Lucky me!
This morning, somewhere in the rolling hills of western Maryland, an angry old man is ranting against America and its constitutionally established institutions. Amongst the targets of his diatribes are the Supreme Court and the decisions with which he disagrees. He's calling the court's rulings "illegitimate" and "dangerous"... he's characterizing them as "destabilizing."
Joe Biden has jetted off for another long-weekend vacation, this time to Camp David, to celebrate the 4th of July weekend. But celebrating the 4th of July seems antipodally at odds with his anti-American rants. That's because the holiday represents the birth of a systemically racist country founded by white supremacists, a place that's never been exceptional, a place filled with archaic, patriarchal institutions... like the Supreme Court, all of which continue to oppress real patriots... Joe Biden supporters who burn the flag and promise to renounce their citizenship... but never do.
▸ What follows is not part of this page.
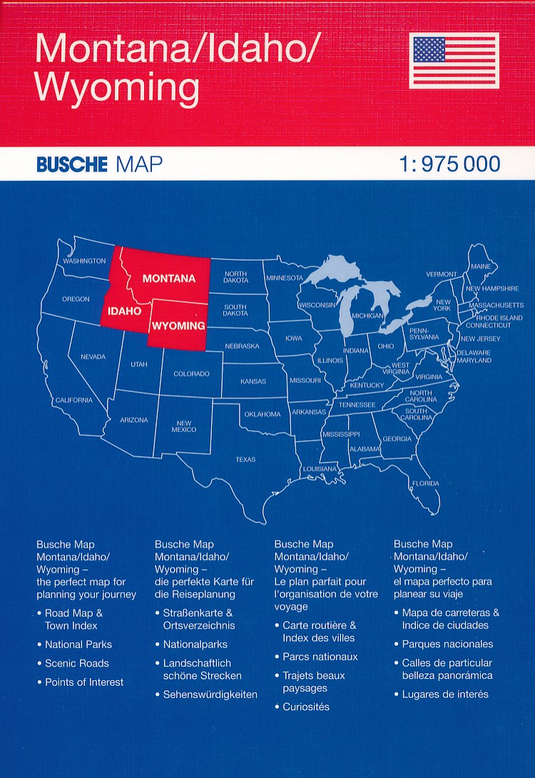 Wegenkaart - landkaart Montana - Idaho - Wyoming | Busche Map (9783897643857)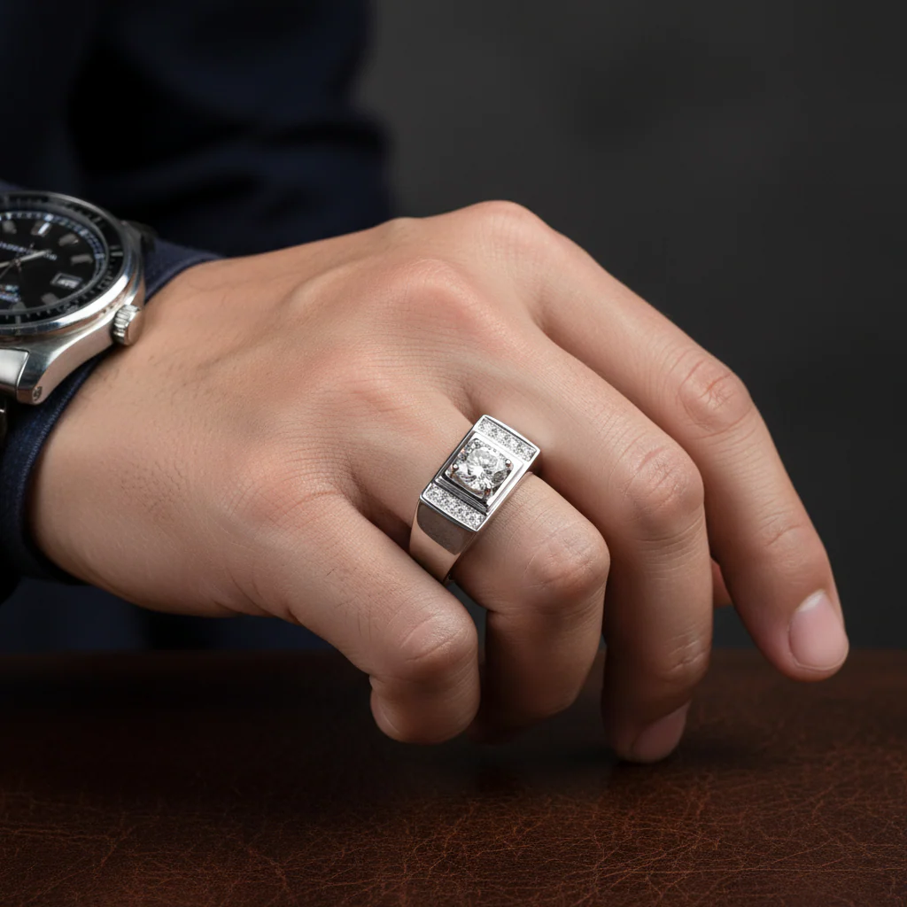 A stunning 1.0 carat round diamond wedding band crafted in solid 925 sterling silver. This men's ring features a lab-created diamond that sparkles brilliantly while offering exceptional value. Timeless, durable, and designed to be cherished for a lifetime. loves you.

So, as Joe Biden stumbles around Camp David, dripping ice cream on his shirt and falling off bicycles, yet another ruling by the Supreme Court has left Joe Biden supporters apoplectic. The court ruled that the EPA cannot enact regulations by administrative fiat; instead, congress must pass laws to address the problems identified. What a novel idea!
In response, Barack Obama, Al Gore, and Joe Biden's current climate change czar, the jet-setting John Kerry, have issued apocalyptically dire climate change warnings... each from his oceanfront estate, apparently immune from the "rising seas" they assure us will soon wash away the world's coastlines.
Meanwhile, the planet's most scholarly climatologist has weighed in, too... Sandy Cortez, former Boston University party girl and erstwhile bartender, has made an unequivocal declaration based upon her vast knowledge and experience in matters of water and ice... critical components of a bourbon and branch on the rocks. She's taken time off from bashing the repeal of Roe v. Wade to warn against the Supreme Court's EPA ruling... it will most assuredly hasten the planet's demise and, according to Sandy Cortez, even before the decision, we had less than 10 years to live.
Which is great news as far as I'm concerned; it inspired my opening line... "Lucky me!"
That's because 10 years, assuming I even make it through another day, would put me at 81, which seriously bumps-up against my expiration date. How reassuring it is to know I won't be making my exit alone. If Sandy Cortez is right... and to question her would be misogynistic, racist, and discriminatory against those with toothy equine physiognomies, I'll have plenty of company on the way out... 8 billion-worth, as life on earth comes to its fiery hellscape terminus.
Back at Camp David, Joe Biden rants on, blissfully unaware of anything that challenges his intellectual and cognitive capabilities, which is just about everything. On Monday, he'll be celebrating the 4th of July with a melted ice cream cone in one hand and a sparkler in the other.
Fortunately, Joe Biden's Visiting Angels are proactive so, along with a big supply of Ensure and Depends, they brought along plenty of Silvadene cream for his burned fingers, too.